Table 4 presents the key themes, subthemes, and verbatim quotes of the participants (n = 48) from the focus group discussion. Key themes and subthemes emerged regarding the behavioural outcomes of the intervention programme, which highlighted significant shifts in knowledge, risk perception, and attitudes towards exercise and health. The participants reported an enhanced understanding of the importance and benefits of physical activity, citing the Nyakaza campaign’s influence on their awareness.

4. Discussion

This study provides valuable insights into the efficacy of a multicomponent physical activity intervention programme (Nyakaza Move-for-Health) in addressing the pressing issue of sedentary lifestyle and insufficient physical activity among adolescents in under-resourced communities. The findings of this study show a statistically significant improvement in the physical activity levels, body mass index (BMI), waist-to-hip ratio, and predicted maximum oxygen uptake (VO2 max) of the adolescents who participated in a 12 week multicomponent physical activity intervention programme.

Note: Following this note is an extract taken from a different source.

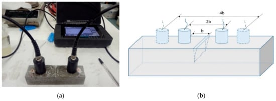 The ultrasonic velocity test used for crack depth measurement (a) the instrument PUNDIT-PL 200 used and (b) a schematic diagram of the crack depth measurement principle.
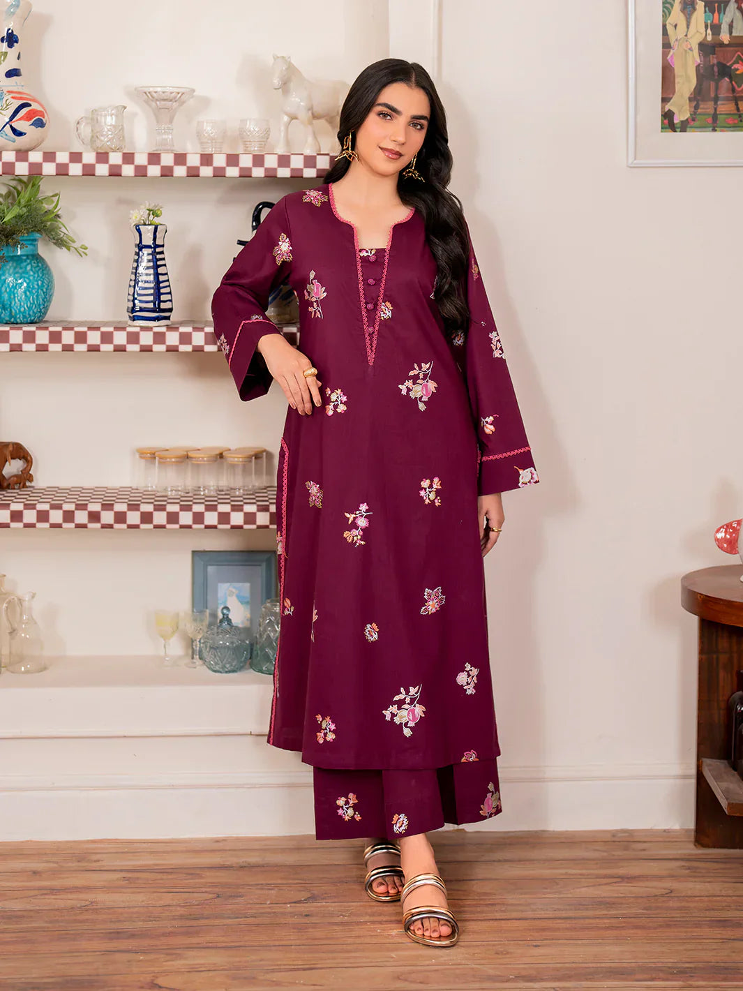 BATIK - 3PC DHANAK EMBROIDERED SHIRT WITH TWILL PRINTED SHAWL AND TROUSER - HZG1805

Despite the significant increase in the physical activity levels observed among the adolescents in the treatment group, the current study found that these levels still fell short of meeting the internationally recommended cut-off threshold of 2.75 proposed by Kowalski et al. [24]. This benchmark score indicates whether adolescents engage in sufficient physical activity to maintain their health. While the physical activity intervention programme resulted in significant improvements, the failure to meet this threshold demonstrates the persistence of challenges in promoting adequate physical activity levels among adolescents in under-resourced communities. The findings are consistent with international studies [33,34,35,36] which reported that adolescents struggle to meet recommended levels of physical activity, especially those from lower socioeconomic status countries and communities. In this study, the failure to meet the recommended levels of PA could be attributed to the decline in physical activity engagement in other domains, such as at school and at home. Therefore, it is imperative that an integrated approach to physical activity be employed to address physical inactivity and sedentary behaviour in all domains of leisure time, transport, home, and school [37].
The study results further revealed a significant decrease in the BMI over time, which suggests that the intervention contributed to changes in the body compositions of the participants. The intervention’s impact on body composition is crucial, considering the rise in obesity rates and associated health risks among adolescents [38,39]. The current research aligns with previous studies [40,41] which reported that multicomponent physical activity intervention programmes for adolescents resulted in significant but lower improvement in body composition measures such as the BMI and waist-to-hip ratio and a low body fat percentage for the treatment group compared with the control group. The current study intervention’s effect on the BMI accounted for modest changes, which suggests that the intervention alone may not be enough to combat obesity and its associated risks effectively. Longer and more intensive interventions are recommended for adolescents in order to realise significant changes in body composition [42,43]. Prolonged strategies in the treatment of obesity seem to be more effective compared with short-duration interventions [43].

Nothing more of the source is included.